Success of child poverty pilots remains uncertain

Neil Puffett
Wednesday, March 30, 2011

Pilot schemes aimed at reducing levels of child poverty by helping parents into work are being well received but it remains unclear whether they are leading to employment, a report has found.

The CPU Child Poverty Pilots: Interim Synthesis Report details evidence from nine child poverty pilots that have been operating across England since 2008, with more than a third of local authorities involved with at least one of the initiatives.

Findings from the child poverty pilots could help shape the national child poverty strategy, due to be published imminently.

Each pilot has been testing a range of different approaches to reducing child poverty, some having a whole community focus, others targeting families or specific groups or individuals.

The pilots include the child poverty family intervention project, which provides intensive interventions to families with significant barriers to work such as mental health problems, drug and alcohol abuse, domestic violence and family functioning issues.

There is also co-ordinated local support for separating parents, which aims to improve access to help and minimise parental conflict and negative impact on children’s outcomes.
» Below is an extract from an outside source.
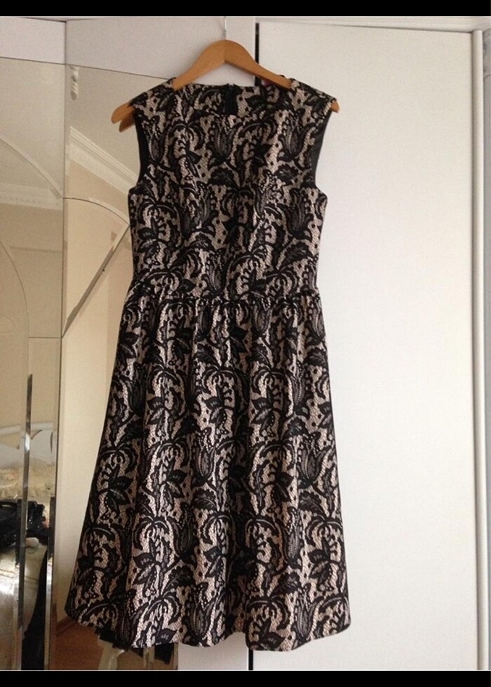 Dantel görünümlü bir kumaşı var.Üst kısım astarlı .Kayık yaka.Arkada bele kadar fermuarlı .G 44, b 102 cm .Sıfırdır.Dış etiketi Yok

In addition, local authority innovation pilots look at a wide range of activities designed by local authorities to tackle child poverty. And the school gates employment support initiative provides employment support to parents of primary school children to help them prepare for going back to work.

There is also a teenage parent supported housing pilot — enhancing housing support available to teenage parents and work-focused services in children’s centres — exploring the benefits of integrating Jobcentre Plus advisers in children’s centres.

The report found that the initiatives are succeeding in reaching out to families that were not receiving help before.

"One important theme in the evidence base is whether the pilots are reaching out to new and previously under-served groups of parents and families," the report states. "The early indications are very encouraging."

It adds that the emerging evidence indicated that the pilots have been well received and are improving confidence although evidence of whether they have actually led to sustained employment will not be available until a final report on the pilots is published in late summer.

"Across the interim evidence base, soft outcomes are reported as being most prevalent for participants: greater confidence; increased awareness of opportunities and options; access to job preparation skills and support," the report says.

"Although encouraging evidence, the route out of poverty depends heavily on finding and keeping a job."